If you’ve ever eaten a late spring oyster, Cox adds, you may have noticed a creamier texture. “That means it’s ripe,” he says. Ripe and full of 10 million eggs or plump with sperm; in fact, its body at that time may be up to 75 percent reproductive tissue. Those gametes (eggs and sperm) will get released out into the ocean. So if you haul in an oyster a day after egg expulsion, you’re getting a limp shadow of the previous days’ oyster. “In July that oyster is a really tired oyster,” Cox says. “We call them water bellies because they’re see-through. Really that means their belly is full of water. That’s disappointing to customers.”
But since triploids don’t reproduce, they skip the water belly stage and instead just continue to grow plumper. “Charleston oysters have typically always been saltier, but smaller. This is the best of both worlds,” says Doran. “It’ll be big like a Gulf oyster, but meatier and brinier — it’s ideal really.”
Growing for It
The process at St. Jude Farms started last year with the arrival of 180,000 spat, tiny baby oysters no bigger than your pinky nail. The oysters are then divided into mesh bags of 4,000 spat apiece and placed into 130 cages. Once in cages, they float at the top of a water column in a brackish nursery. “The current is fast at the mouth of St. Helena Sound, which helps the oysters grow faster, as well,” adds Doran. Every few weeks, the oyster cages are thinned out, redistributed, and flipped to encourage cup-shaped growth.

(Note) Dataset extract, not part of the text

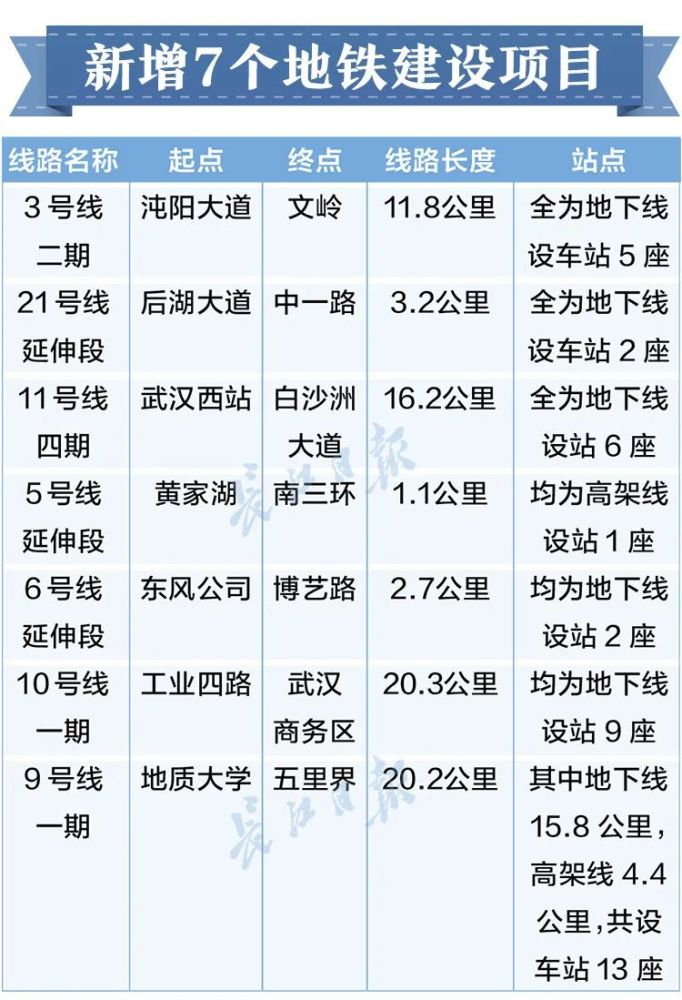 武汉轨道交通第四期建设规划调整包含7个项目,新增9号线一期、10号线一期、11号线四期、3号线二期调整、5号线延伸段、6号线延伸段、21号线延伸段。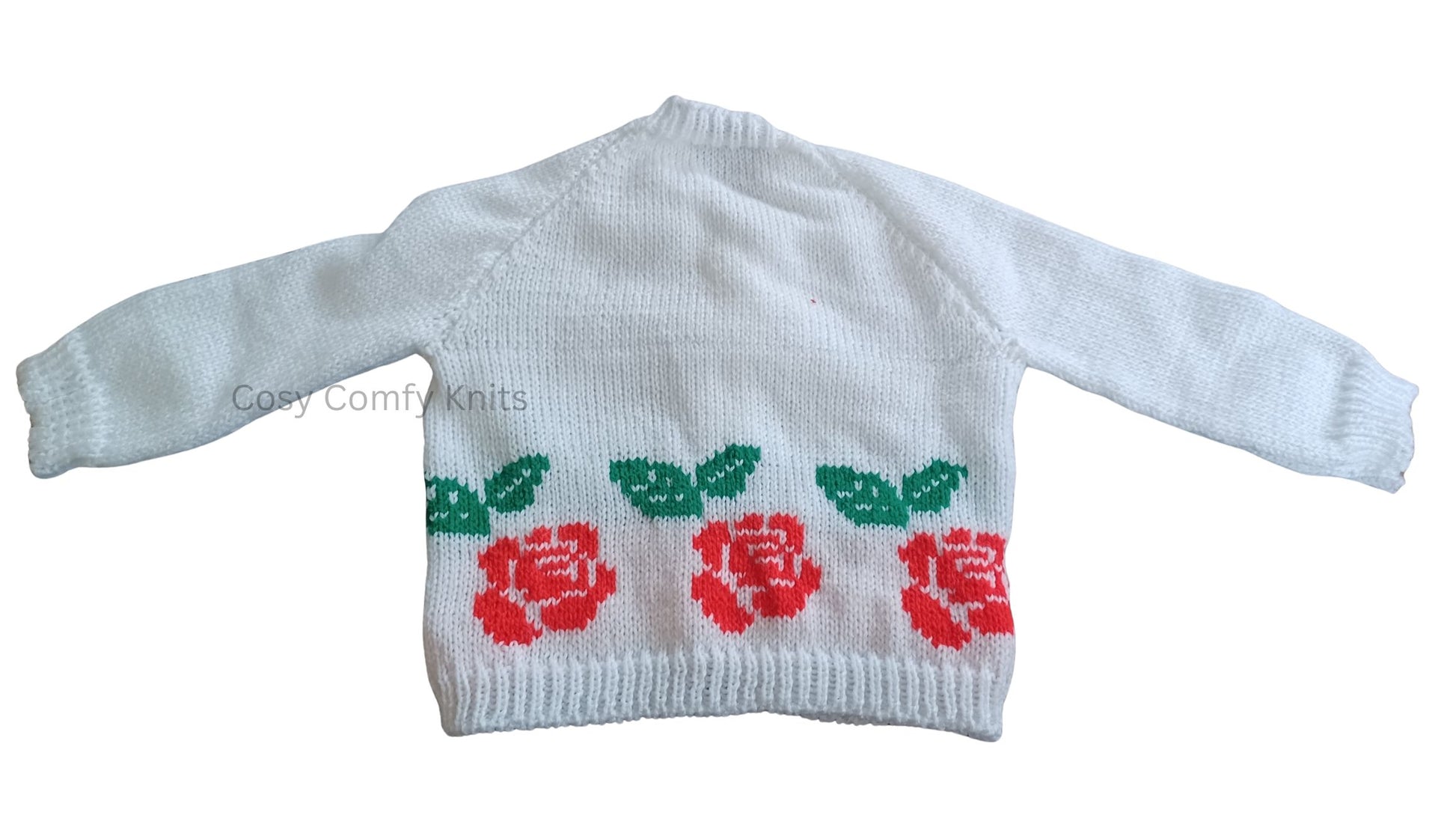 The front panels are adorned with vibrant red rose motifs and rich green leaves, inspired by timeless English garden designs. Matching red buttons run down the centre, adding a cheerful pop of colour and complementing the floral pattern perfectly. The cardigan is finished with neat ribbed cuffs and hem for a snug yet gentle fit.

And while only two St. Jude Charleston Salts have been taste tested (we got the first verdict: extra salty), chefs are excited about the possibilities. High Cotton Executive Chef Shawn Kelly recently joined the St. Jude Farms team on the water to get a closer look at Charleston Salts.
“Locally, we have lots of wild oysters, but generally they all lack the large, deep cup that guests feel good about paying top dollar for,” says Kelly. “This particular product is going to give oyster lovers in Charleston a trademarked name and consistent product that hasn’t previously been available from our local waters.”
Which is to say Charleston Salts will be a boutique oyster. “It’s a labor intensive process,” says Doran. And you know what that means? Charleston Salts will cost ya.
So when will you be able to take a bite of these plump, briny, engineered oysters? Doran says that’s up to DHEC. But if things turn out right, we expect the first Charleston Salts in September or October.